В этот момент он увидел Артура Сеймура, стоящего около покойницкой и бросающего на них грозные взгляды. Девлин сказал:
— Очень любезно с вашей стороны, но, по правде говоря я немного не в форме.
Миссис Прайор дотронулась до него:
— Господи спаси, да вы же промокли насквозь. Немедленно домой и в горячую ванну. Так и умереть недолго.
— Она права, — яростно произнесла Молли, — поезжайте немедленно и смотрите сделайте, как она велит.
Девлин нажал на стартер.
— Спаси меня, боже, от этой чудовищной команды баб, — сказал он про себя, уезжая.
Принять ванну было невозможно. Слишком много времени надо было потратить, чтобы нагреть котел воды за кухней. Он разжег громадный костер в огромном каменном очаге, разделся, быстро растерся полотенцем и снова надел синюю фланелевую рубаху и темные шерстяные штаны.
Девлин проголодался, но чувствовал себя слишком усталым, чтобы готовить еду, поэтому взял стакан, бутылку виски, которую ему дал Гарвальд, и одну из своих книг. Он уселся в старое кресло, протянул ноги к очагу и стал читать. Прошел, возможно, час, когда холодный ветер легко коснулся его спины и шеи. Он не слышал, как скрипнула дверь, но знал, что Молли здесь.
— Ты что так долго? — спросил он, не поворачивая головы.
— Очень умно. А я-то думала, что вы поведете себя лучше, после того как я прошла милю с четвертью по залитым водой полям, в темноте, чтобы принести вам ужин.
Молли подошла к огню. На ней был старый плащ, высокие кожаные сапоги, на голове шаль, в руке корзинка:
— Картофельная запеканка с мясом, но, я думаю, вы уже поели?
Он громко застонал:
— Хватит болтать. Ставь ее на огонь побыстрее.
Молли поставила корзинку, стянула сапоги и расстегнула плащ. Под ним было цветастое платье. Она сняла шаль и встряхнула волосами:
— Так-то лучше. Ты что читаешь?
Он протянул ей книгу:
— Стихи слепого ирландца по имени Рафтери, который жил давным-давно.
Молли взглянула на текст при свете огня:
— Но мне непонятно, это на иностранном языке.
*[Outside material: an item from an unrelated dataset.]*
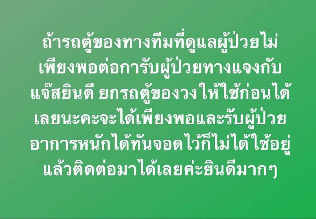“ถ้ารถตู้ของทางทีมที่ดูแลผู้ป่วยไม่เพียงพอต่อการรับผู้ป่วย ทางแจงกับแจ๊สยินดี ยกรถตู้ของวงให้ใช้ก่อนได้เลยนะคะ จะได้เพียงพอและรับผู้ป่วยอาการหนักได้ทัน จอดไว้ก็ไม่ได้อยู่แล้ว ติดต่อมาได้เลยค่ะยินดีมากๆ ทางโรงพยาบาล ไหนที่ขาดรบกวนติดต่อ ที่ผจก 0865006199 คุณบูม”

— Ирландском, — сказал он. — Язык королей… — Он взял у нее книгу и прочел несколько строк по-ирландски, затем перевел:
…Теперь, весной, день становится длиннее,
В праздник святой Бриджиты поднимется мой парус,
И поскольку путешествие мое — вещь решенная,
Шаг мой станет крепче,
Пока я снова не окажусь на равнинах Мейо…
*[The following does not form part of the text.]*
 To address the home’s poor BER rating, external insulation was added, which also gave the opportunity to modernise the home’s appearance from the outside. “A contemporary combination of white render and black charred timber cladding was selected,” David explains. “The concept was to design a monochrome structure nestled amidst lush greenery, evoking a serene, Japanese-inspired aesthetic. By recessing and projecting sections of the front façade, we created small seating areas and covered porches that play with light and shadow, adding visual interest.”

— Прекрасно, правда, прекрасно. — Она опустилась на камышовый коврик рядом с ним и прислонилась к креслу. Ее левая рука коснулась его руки. — Ты оттуда родом, из этого Мейо?
— Нет, — сказал Девлин, с трудом сохраняя спокойствие. — Я родился гораздо севернее, но Рафтери все правильно сказал.
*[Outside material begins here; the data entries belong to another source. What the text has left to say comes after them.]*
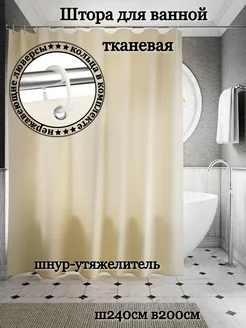 Штора для ванной тканевая бежевая, Ш240хВ200см, с кольцами
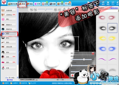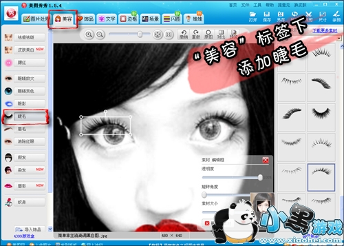 4、为让这个MM整体效果更符合这个黑白效果。接下来可以给MM打造烟熏妆。在“美容”标签下选择添加睫毛。适当调节大小、角度、透明度来让效果更加逼真自然。
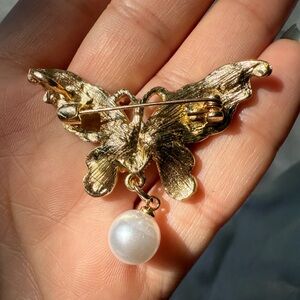 Unique vintage anthro blue and Gold Butterfly Brooch
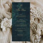 This stylish and customizable bar menu features an exquisite combination of gold and dark green — ideal for couples seeking a luxurious, modern wedding atmosphere. Perfect for your signature cocktails, wine lists, or any special drink offerings at your reception.
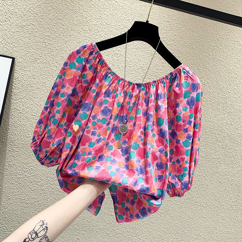 여름 여성을 위한 순수한 욕망 스타일 꽃무늬 원라인 칼라 탑, 루즈하고 슬림한 쉬폰 셔츠, 퍼프 반팔 시크하고 스타일리시한 셔츠

— Лайам — это тоже по-ирландски?
— Да, мэм.
— Что это значит?
— Уильям.
Она нахмурилась:
— Нет, мне больше нравится Лайам. Знаешь, Уильям — это так обычно.
Девлин продолжал держать книгу в левой руке, а правой ухватил ее за волосы:
— Иисус, Иосиф и Мария, помогите мне.
— А это что значит? — невинно спросила она.
— Это значит, дорогая моя девочка, что, если ты немедленно не снимешь запеканку с огня и не положишь ее на тарелку, я за себя не отвечаю.
Она вдруг рассмеялась глубоким грудным смехом и на мгновение положила голову ему на колени.
— О, ты мне так нравишься. Ты знаешь это? Вы мне понравились с первого момента, когда я увидела вас, мистер Девлин, сэр, верхом на мотоцикле у трактира.
Он застонал, закрыв глаза, а она вскочила, оправила юбку и вытащила запеканку из очага.
Он провожал ее домой через поле. Дождь прекратился, тучи рассеялись, оставив чистое небо с горящими звездами. Ветер был холодным и свистел между деревьями так, что сыпались ветки. На плече у Девлина была двустволка, левой рукой он поддерживал Молли.
После ужина они немного поговорили. Молли заставила Девлина читать стихи и сидела, прислонившись к нему, положив ногу на ногу. Все было куда хуже, чем он воображал, и совсем не укладывалось в его планы. В его распоряжении было три недели — и все, и за это время предстояло сделать много дел, так что отвлекаться было нельзя.
Они дошли до забора фермы и остановились у ворот.
— Я вот думала. Если у тебя нет других дел, не мог бы ты помочь мне в сарае в среду днем? Некоторые машины надо укрыть на зиму. Это тяжеловато нам с мамой. Ты мог бы с нами пообедать.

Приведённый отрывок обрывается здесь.